Public-private spaceflight venture

Borneo SubOrbitals was a public-private spaceflight venture created in 2019. In 2022, the project was replaced by SPACE (Sarawak Physics, Astronomy & Computer Engineering) educational programme in collaboration with MEASAT Satellite Systems which allows students to launch rockets in virtual reality.

== History ==
This venture involved several tertiary institutions and a local social enterprise, which consists of Universiti Malaysia Sarawak (UNIMAS), University of Malaya (UM) and Universiti Teknologi Petronas (UTP), with the collaboration of social enterprises such as The Learning Curve, The Hills Lifestyle Community Lifestyle Hub and a company named Strand Aerospace Malaysia. Each party will be responsible for rocket research, design, assembly and launch. UTP will be handling simulations and electronics design, while UM will be handling static and dynamic structural analysis and rocket material selection and UNIMAS will manufacture and assemble the rocket, with the supervision and consultancy of Strand Aerospace Malaysia.

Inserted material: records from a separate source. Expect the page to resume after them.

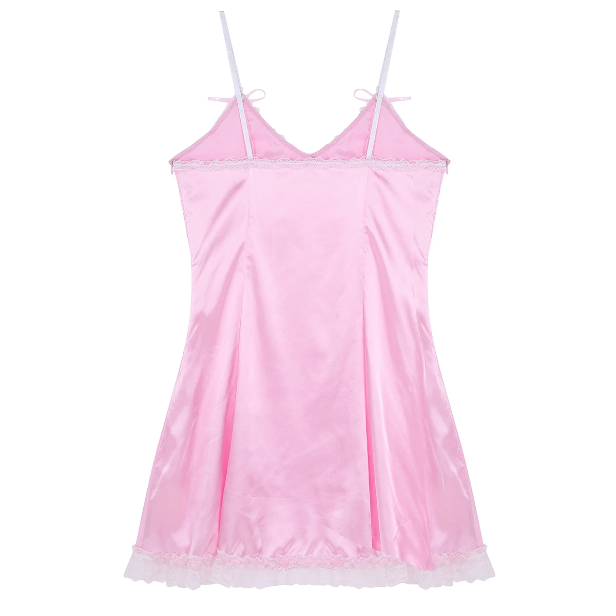 Регулируемые бретели-спагетти, v-образный вырез и заниженная спинка, с оборками по кружевному подолу.
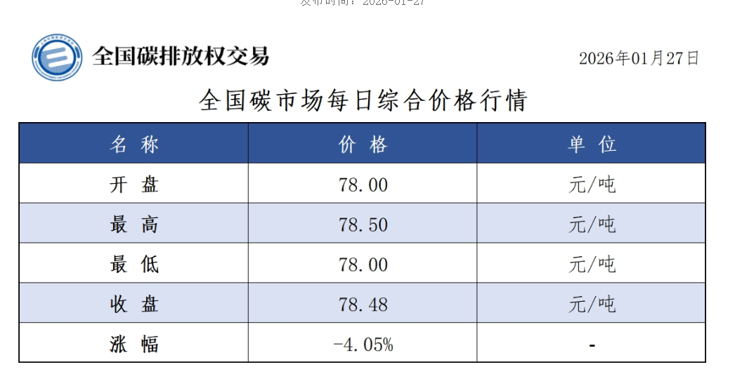 1月27日讯: 今日全国碳市场综合价格行情为: 开盘价78.00元/吨,最高价78.50元/吨,最
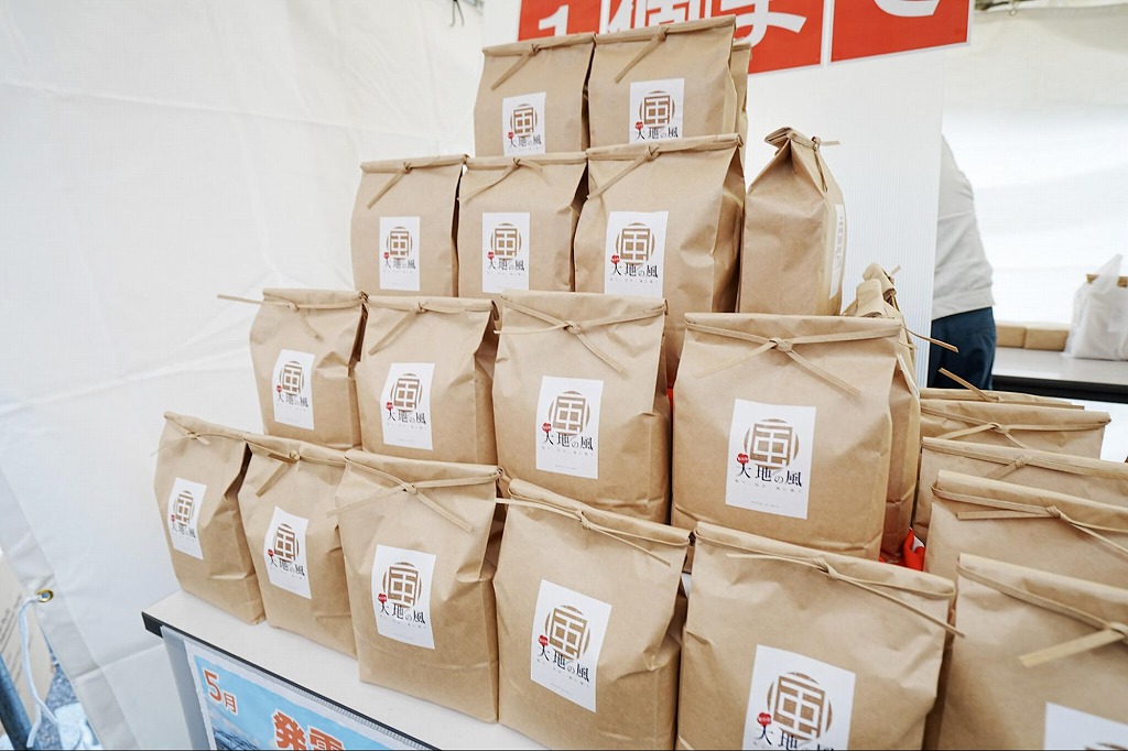 ご家族連れに人気だったのが、「お米・野菜の販売コーナー」。三河商事が自社で生産した採れたての新米が、3kg 2,000円という特別価格(1家族1袋限定)で販売されました。
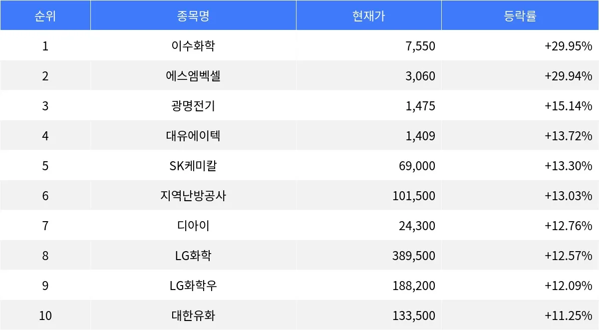 지역난방공사(071320)는 13.03% 상승한 101,500원, 디아이(003160)는 12.76% 증가한 24,300원, LG화학(051910)는 12.57% 오른 389,500원으로 각각 장을 마감했다. LG화학우(051915)는 12.09% 상승한 188,200원을 기록했으며, 대한유화(006650)는 11.25% 오른 133,500원으로 거래를 마쳤다.
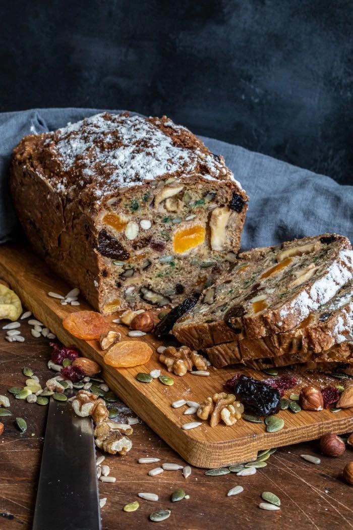 Saftigt gott bröd med fröer och torkad frukt
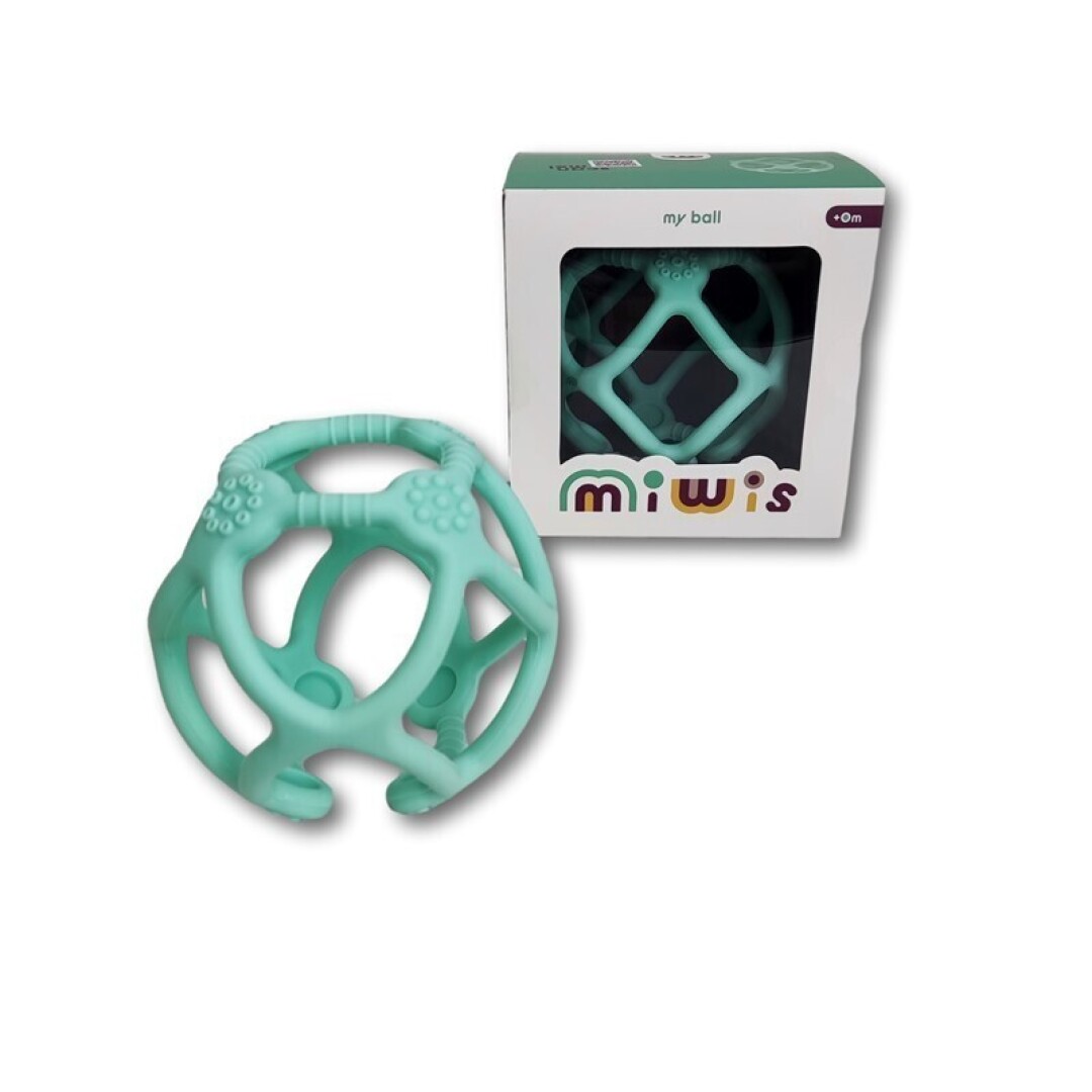 A Bola Mordedora em silicone, com a cor azul turquesa da Miwis, tem várias texturas que estimulam as habilidades motoras dos exploradores mais pequeninos e ajudam a aliviar o incómodo do crescimento dos dentes.

== Hybrid rocket suborbital project ==
The project aimed to launch a hybrid-fueled suborbital rocket from Kuching to reach an altitude of 55 km by the year 2022. The rocket will be equipped with sensors and telemetry to collect atmospheric and ocean data for researchers working at MOSTI. The rocket is then projected to land in the ocean after completing its mission. The previous rocket launch was a flight test by a teenager in Kuching that reached 5 km in altitude in October 2018. The suborbital rocket will also be gradually contributed to by students through competitions.